11/2 cups full cream milk
6 chamomile tea bags or 4 Tbsp loose chamomile tea
3 cups plain flour, sifted
3 tsp baking powder
1 tsp sea-salt flakes
185g unsalted butter, softened
11/2 cups caster sugar
1 tsp vanilla extract
3 free-range eggs
Edible dried flowers, to decorate
1/4 cup water
2 Tbsp caster sugar
1 Tbsp honey
Finely grated zest of 1 lemon
SALTED HONEY BUTTERCREAM
250g block unsalted butter, softened
3 cups icing sugar mixture, sifted
2 Tbsp honey
1 tsp fine sea salt
2 Tbsp full-cream milk or cream
In a small saucepan, heat milk on low for 5 minutes, until just simmering. Remove from heat and add chamomile; set aside for 10 minutes while milk cools. Remove tea bags or strain milk.

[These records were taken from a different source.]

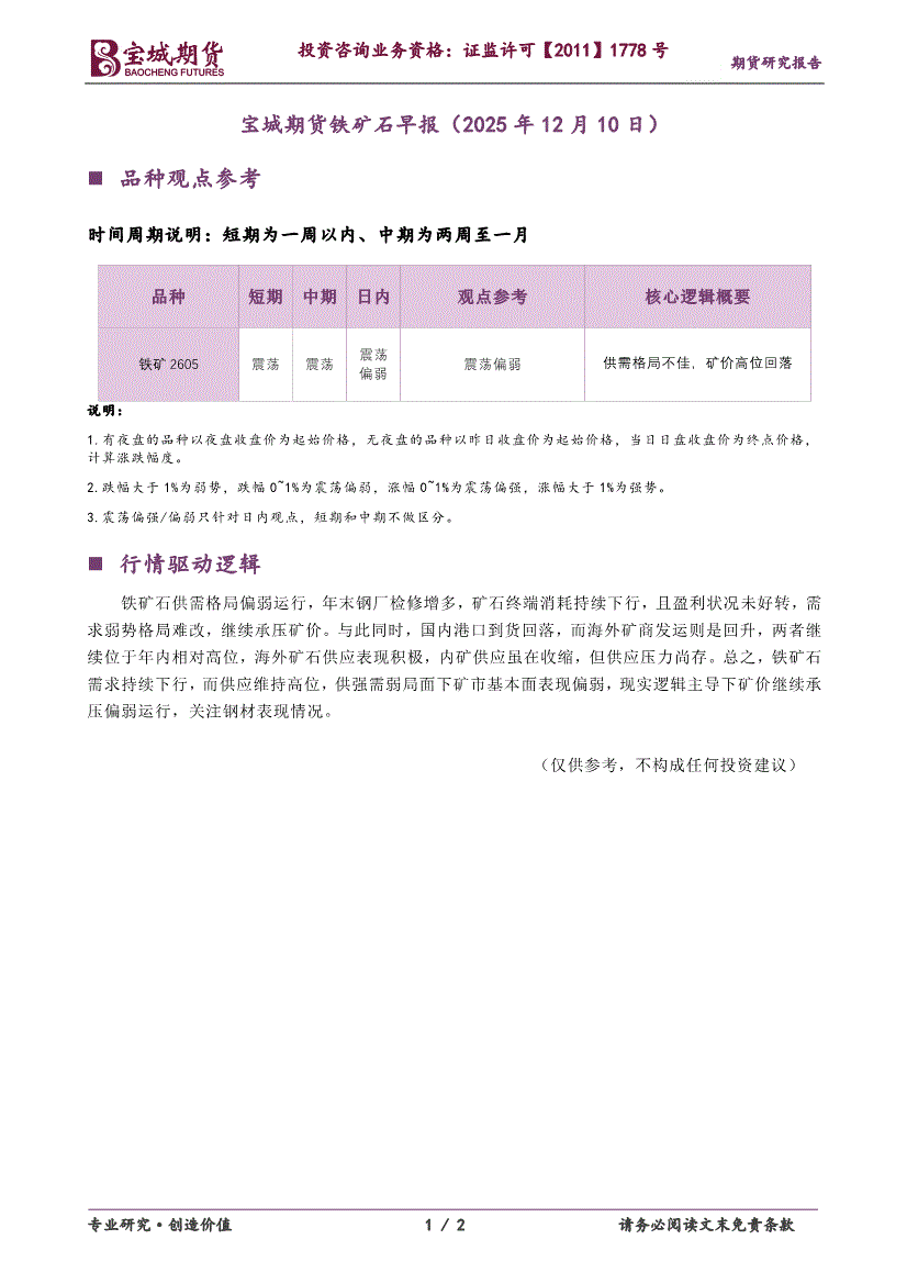 宝城期货-铁矿石早报-251215
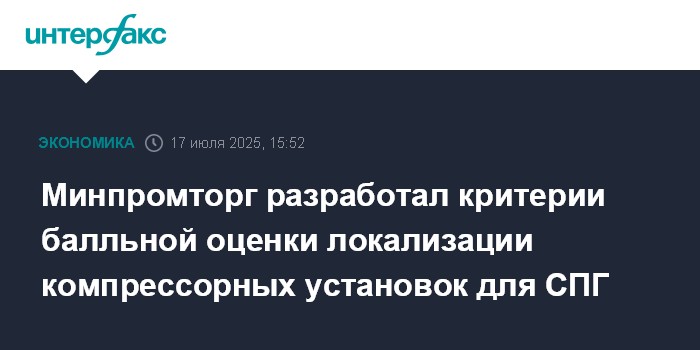 Минпромторг разработал критерии балльной оценки локализации компрессорных установок для СПГ
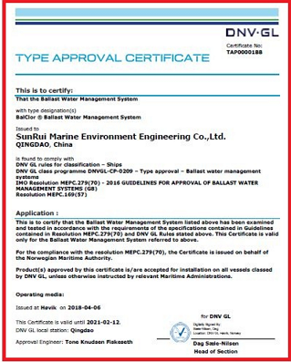 On April 6, 2018,  SunRui Marine Environment Engineering Company Ltd (hereinafter referred to as SunRui) ‘s BalClor®   ballast water management system (BWMS), was issued the new IMO G8 & G9 certification by DNV GL, acting on behalf of the Norwegian Maritime Authority (NMA). This is another significant milestone for SunRui Company after it was the fourth globally and the first in Asia to be awarded United States Coast Guard (USCG) type approval certification. SunRui’s IMO revised G8 & G9 certified BalClor® BWMS uses world’s leading high-performance filtration + indirect electrolysis technology, having treatment capacity of 170 �C 8500 m3/h.

Preheat oven to 160°C fan-forced (180°C conventional). Grease and line two 20cm square baking tins with baking paper.
In a large bowl, sift flour, baking powder and salt together.
Beat butter and sugar in the bowl of a stand mixer with paddle attachment for 1-2 minutes, until creamy. Add vanilla and eggs, one at a time, beating after each addition.

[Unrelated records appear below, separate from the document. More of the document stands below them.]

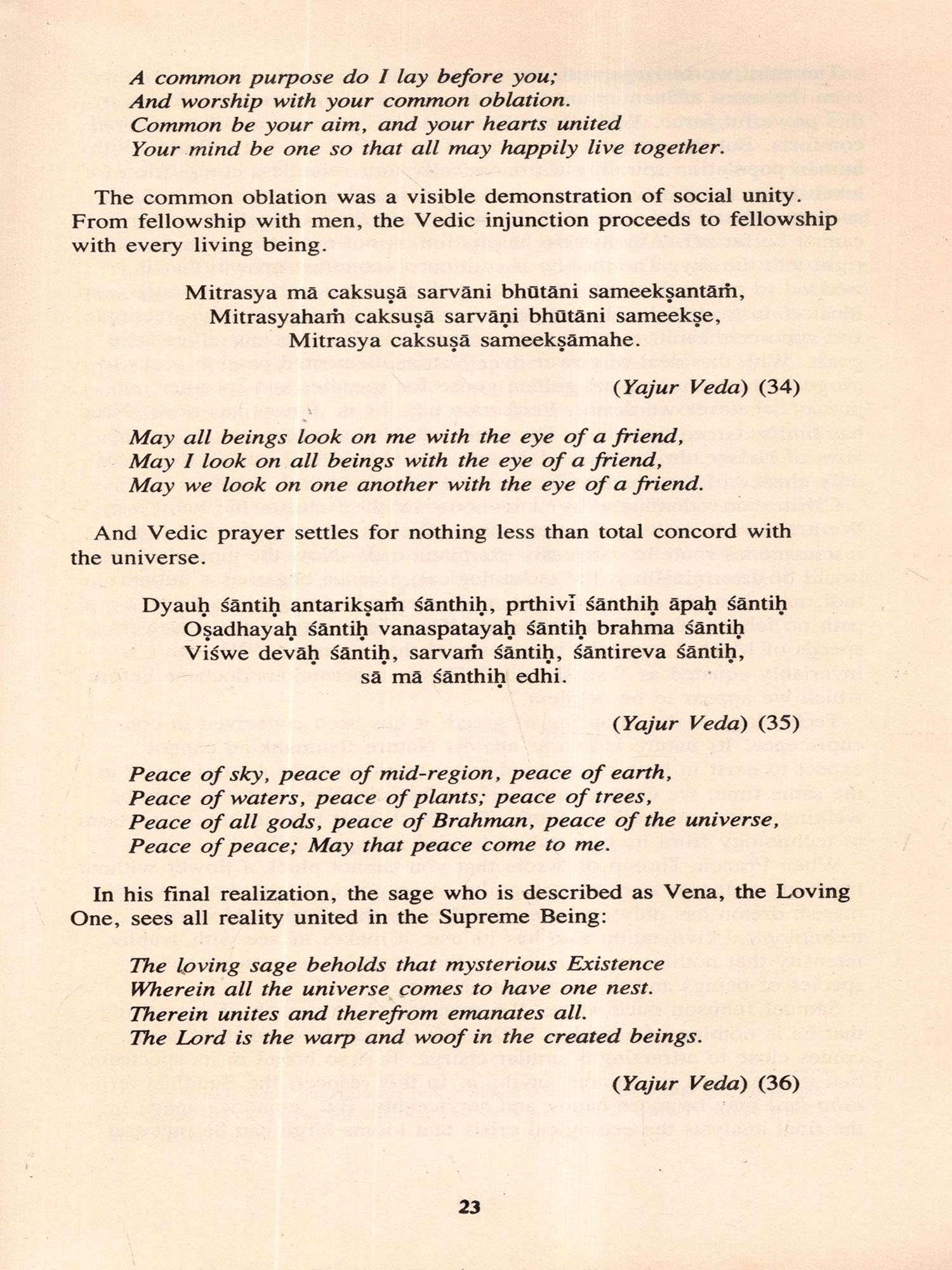 In the Hindu view of life, all creation is linked together by a golden thread, because all manifestation has sprung from the eternal Brahman—Ishavasyarnidam Sarvam Yatkincha Jagatyam Jagat, as the Upanishad has it. The seers of the Vedas, therefore, prayed for the welfare not only of the human race but for all living creatures, including animals, and indeed even for such apparently inanimate objects as trees and plants.
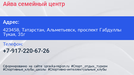 Айва, семейный центр по адресу 423458, Татарстан, Альметьевск, проспект Габдуллы Тукая, 31г в дальнейшем Организация, размещена в следующих категориях:
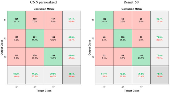 The confusion matrix evaluates the correspondence between the output predicted by the model and the desired output, and then calculates the classification accuracy for each class in a specific class, thus revealing the strengths and weaknesses of the model [38]. The rating rate using personalized CNN was 48.1%, while for ResNet-50 it was 78.1%. Analysis of the matrices for the personalized CNN and ResNet-50 models, as described in Figure 3, reveals distinct patterns in the classification capacity of the treatments (T1, T2, and T3). For personalized CNN, the performance was not satisfactory in view of the fact that the model got more wrong than it got right. Strategies could be explored to improve the outcome of the model, such as optimizing the hyperparameters, including filter size, number of layers and learning rate [39]. As for ResNet-50, it performed better, as it extracts patterns from more complex spectral features [40]; the rate of correct answers was higher in this model, reaching 78% accuracy. For both networks, T1 was the one with the highest rate of correct answers, with 60.2% and 84.4%, respectively, for the personalized CNN and ResNet-50; this was possibly due to the symptom of nutritional deficiency, expressed as a uniform chlorosis, which allowed the model to classify more assertively.

Reduce speed to low, add flour and milk mixtures, alternating between dry and wet, beginning and ending with dry mixture.

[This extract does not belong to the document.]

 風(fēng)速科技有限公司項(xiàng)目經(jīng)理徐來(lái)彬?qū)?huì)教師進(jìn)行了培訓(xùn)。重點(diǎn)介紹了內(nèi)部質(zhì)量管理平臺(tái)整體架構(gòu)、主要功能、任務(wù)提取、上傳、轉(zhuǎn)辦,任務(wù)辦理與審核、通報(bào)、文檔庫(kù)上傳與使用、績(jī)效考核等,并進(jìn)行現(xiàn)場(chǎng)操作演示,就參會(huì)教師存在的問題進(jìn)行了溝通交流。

Divide batter between prepared baking tins. Bake for 35-45 minutes, or until cooked when tested with a skewer. Cool cakes in their pans for 10 minutes, then turn out onto a wire rack to cool completely.
To make the honey syrup, combine water, sugar, honey and lemon zest in a small saucepan on low heat, stirring, until sugar is dissolved. Cool slightly before gently brushing syrup on cooled cake layers.
To make the salted honey buttercream, beat butter in the bowl of a stand mixer until pale. Gradually beat in icing sugar until a thick buttercream forms. Add honey, salt and milk, and beat until fluffy. Transfer buttercream to a piping bag fitted with a large fluted nozzle.
To assemble, place one cooled cake layer on a serving platter and pipe an even layer of buttercream on top. Place second cake layer on top, flat side facing up, and pipe over varying heights of buttercream (using different pressure for your piping is an easy way to vary the height and shape of your piping without needing a different piping nozzle). Serve cake topped with edible flowers and an extra drizzle of honey syrup.